[Collected data]
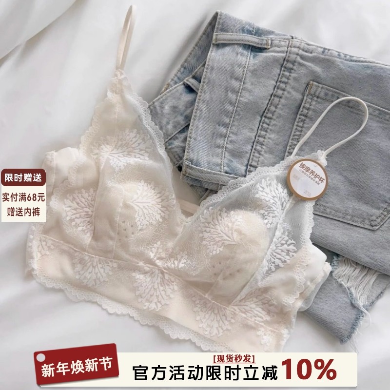 法式性感蕾丝内衣女兔耳杯夏季薄款大胸显小无痕吊带裹胸美背文胸
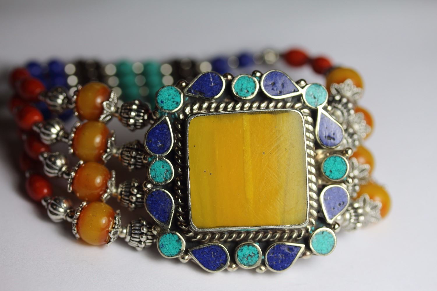 Tibet Hand Made Amber, Coral, Lapis Lazuli Bracelet
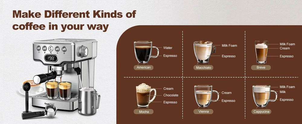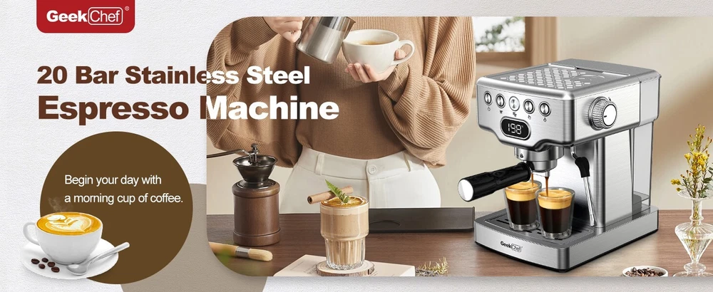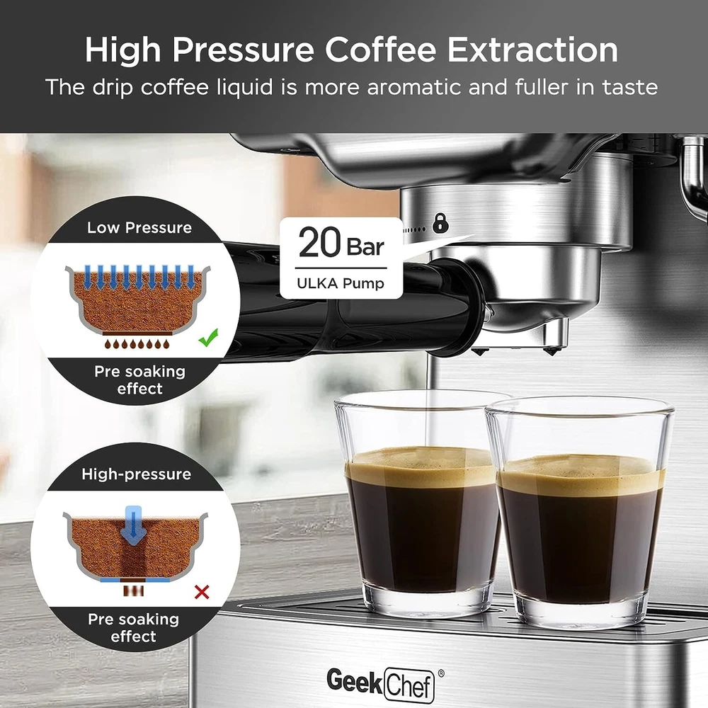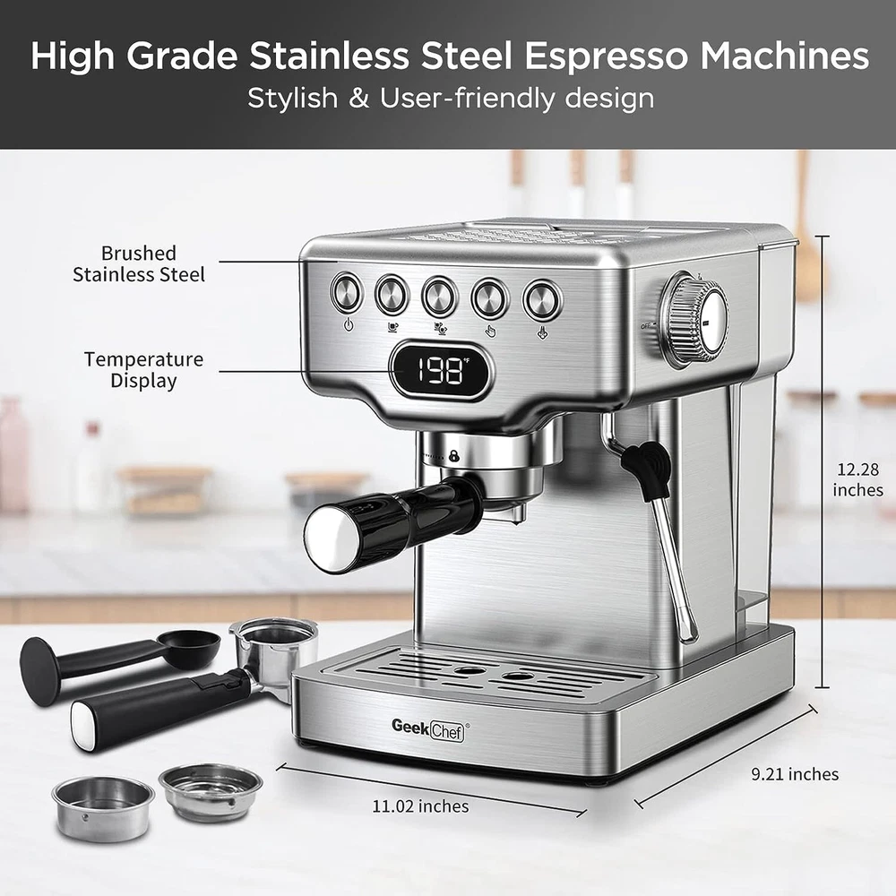 20 Bar Pump, Milk Steamer, Quick PreheatProfessional Espresso Machine
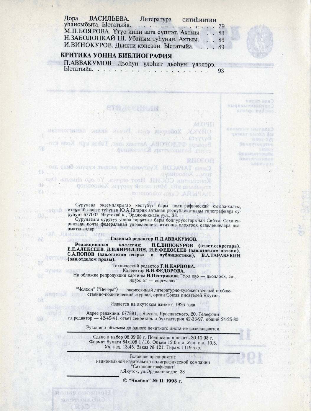 - 2. Чолбон: уус-уран литературнай уонна общественнай-политическай сурунаал, 1998, №2
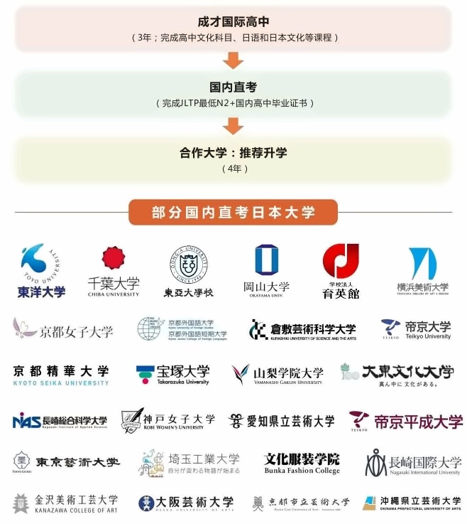 学生在完成2.5年成才国际高中课程的基础上,高三下半学期安排赴日进入日本明德义塾高中或日本语言学校,进行1年考前强化课程学习及校内考的辅导,同时与日本当地学生建立友谊,更快、更顺利地融入日本,在高三毕业次年4月,通过校内推荐或EJU留考,可正式进入日本大学就读专业课程。
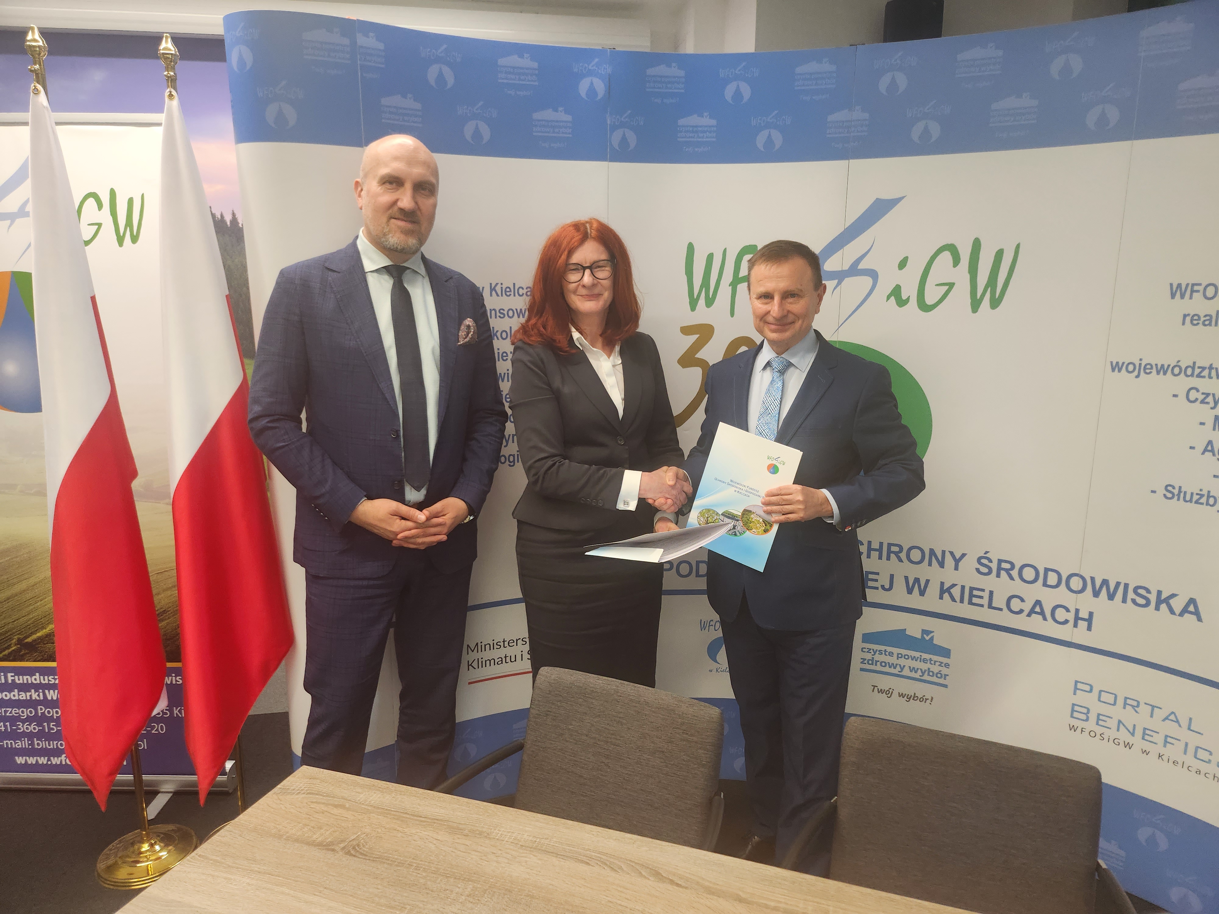 Podpisanie umów nastąpiło w siedzibie WFOŚiGW w Kielcach przez Regionalnego Dyrektora Ochrony Środowiska w Kielcach Aldonę Sobolak i Prezesa Wojewódzkiego Funduszu Ochrony Środowiska i Gospodarki Wodnej w Kielcach Ryszarda Gliwińskiego.

TRY IT = Leave out the pictures, then give all the records again exactly.

WRITTEN RESPONSE =
 法式性感蕾丝内衣女兔耳杯夏季薄款大胸显小无痕吊带裹胸美背文胸
 Tibet Hand Made Amber, Coral, Lapis Lazuli Bracelet
 20 Bar Pump, Milk Steamer, Quick PreheatProfessional Espresso Machine
 - 2. Чолбон: уус-уран литературнай уонна общественнай-политическай сурунаал, 1998, №2
 学生在完成2.5年成才国际高中课程的基础上,高三下半学期安排赴日进入日本明德义塾高中或日本语言学校,进行1年考前强化课程学习及校内考的辅导,同时与日本当地学生建立友谊,更快、更顺利地融入日本,在高三毕业次年4月,通过校内推荐或EJU留考,可正式进入日本大学就读专业课程。
 Podpisanie umów nastąpiło w siedzibie WFOŚiGW w Kielcach przez Regionalnego Dyrektora Ochrony Środowiska w Kielcach Aldonę Sobolak i Prezesa Wojewódzkiego Funduszu Ochrony Środowiska i Gospodarki Wodnej w Kielcach Ryszarda Gliwińskiego.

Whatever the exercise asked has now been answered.